Record extracts section start

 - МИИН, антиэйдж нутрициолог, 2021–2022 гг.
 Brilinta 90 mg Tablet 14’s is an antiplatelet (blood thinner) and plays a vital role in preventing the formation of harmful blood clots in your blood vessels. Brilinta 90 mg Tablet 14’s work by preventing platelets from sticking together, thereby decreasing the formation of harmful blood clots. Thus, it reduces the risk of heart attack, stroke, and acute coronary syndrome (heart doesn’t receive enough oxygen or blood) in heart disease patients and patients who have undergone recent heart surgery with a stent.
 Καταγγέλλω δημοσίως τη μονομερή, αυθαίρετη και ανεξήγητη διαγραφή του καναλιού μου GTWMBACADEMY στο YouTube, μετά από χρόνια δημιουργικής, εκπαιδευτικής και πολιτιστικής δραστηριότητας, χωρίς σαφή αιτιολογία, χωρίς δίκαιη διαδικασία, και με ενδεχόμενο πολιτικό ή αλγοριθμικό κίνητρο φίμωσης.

Record extracts section end
Record extracts section start

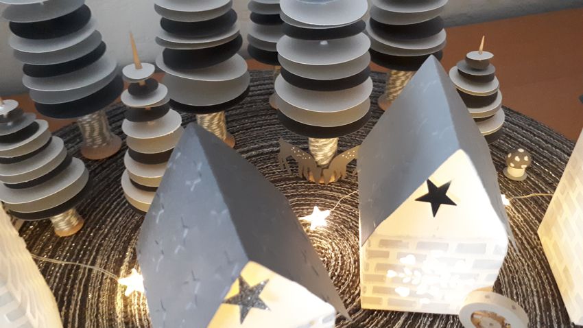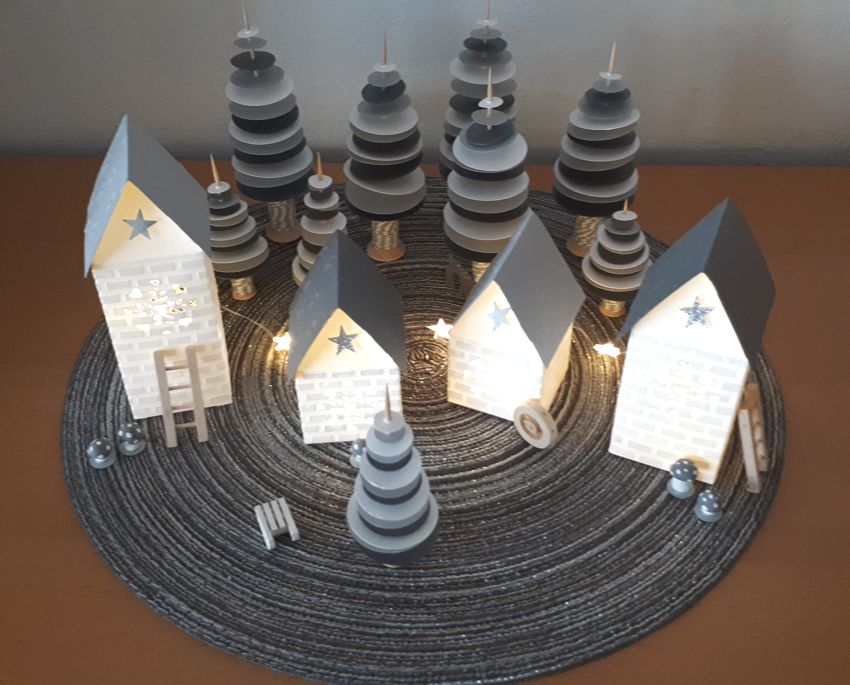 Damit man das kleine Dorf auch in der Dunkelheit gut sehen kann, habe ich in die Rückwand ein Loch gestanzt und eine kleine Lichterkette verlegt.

Record extracts section end

Your objective: Extract exactly and only the lines above from the line containing "- МИИН, антиэйдж нутрициолог, 2021–2022 гг." through the line containing "Καταγγέλλω δημοσίως τη", both end lines included.

Response area:
 - МИИН, антиэйдж нутрициолог, 2021–2022 гг.
 Brilinta 90 mg Tablet 14’s is an antiplatelet (blood thinner) and plays a vital role in preventing the formation of harmful blood clots in your blood vessels. Brilinta 90 mg Tablet 14’s work by preventing platelets from sticking together, thereby decreasing the formation of harmful blood clots. Thus, it reduces the risk of heart attack, stroke, and acute coronary syndrome (heart doesn’t receive enough oxygen or blood) in heart disease patients and patients who have undergone recent heart surgery with a stent.
 Καταγγέλλω δημοσίως τη μονομερή, αυθαίρετη και ανεξήγητη διαγραφή του καναλιού μου GTWMBACADEMY στο YouTube, μετά από χρόνια δημιουργικής, εκπαιδευτικής και πολιτιστικής δραστηριότητας, χωρίς σαφή αιτιολογία, χωρίς δίκαιη διαδικασία, και με ενδεχόμενο πολιτικό ή αλγοριθμικό κίνητρο φίμωσης.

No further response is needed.